▶ REQUIRED WORK: Output exactly, in the material below, the lines from the one with "Lễ cưới của" through the one with "변함없이 마무리 됐다.". Omit all pictures.

▶ INPUT MATERIAL:
'''
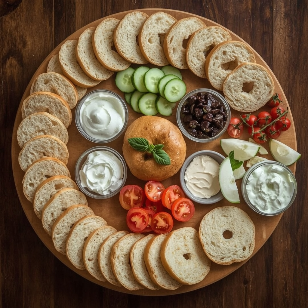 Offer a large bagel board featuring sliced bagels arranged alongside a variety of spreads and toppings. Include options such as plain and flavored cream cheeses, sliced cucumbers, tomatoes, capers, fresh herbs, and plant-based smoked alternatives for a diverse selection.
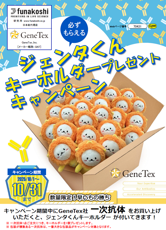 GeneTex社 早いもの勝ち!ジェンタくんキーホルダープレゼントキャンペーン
'''
'''
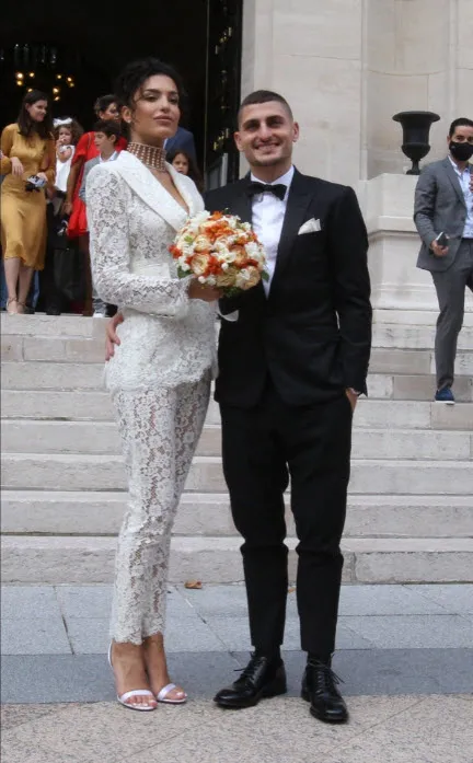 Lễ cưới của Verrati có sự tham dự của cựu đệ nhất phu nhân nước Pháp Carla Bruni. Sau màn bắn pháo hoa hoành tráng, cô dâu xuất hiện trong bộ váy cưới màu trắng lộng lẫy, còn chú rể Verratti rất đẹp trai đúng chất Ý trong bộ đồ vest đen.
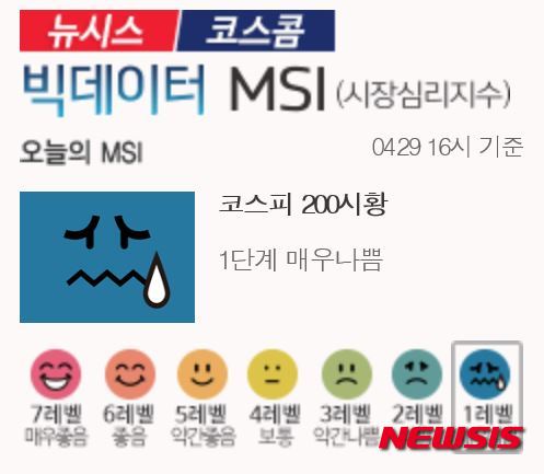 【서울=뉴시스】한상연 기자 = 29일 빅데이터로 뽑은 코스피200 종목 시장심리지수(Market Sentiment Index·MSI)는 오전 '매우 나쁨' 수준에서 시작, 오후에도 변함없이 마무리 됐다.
'''
'''
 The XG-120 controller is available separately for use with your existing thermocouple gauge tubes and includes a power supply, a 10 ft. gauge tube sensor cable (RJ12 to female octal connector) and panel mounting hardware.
'''
▶ YOUR RESPONSE:
 Lễ cưới của Verrati có sự tham dự của cựu đệ nhất phu nhân nước Pháp Carla Bruni. Sau màn bắn pháo hoa hoành tráng, cô dâu xuất hiện trong bộ váy cưới màu trắng lộng lẫy, còn chú rể Verratti rất đẹp trai đúng chất Ý trong bộ đồ vest đen.
 【서울=뉴시스】한상연 기자 = 29일 빅데이터로 뽑은 코스피200 종목 시장심리지수(Market Sentiment Index·MSI)는 오전 '매우 나쁨' 수준에서 시작, 오후에도 변함없이 마무리 됐다.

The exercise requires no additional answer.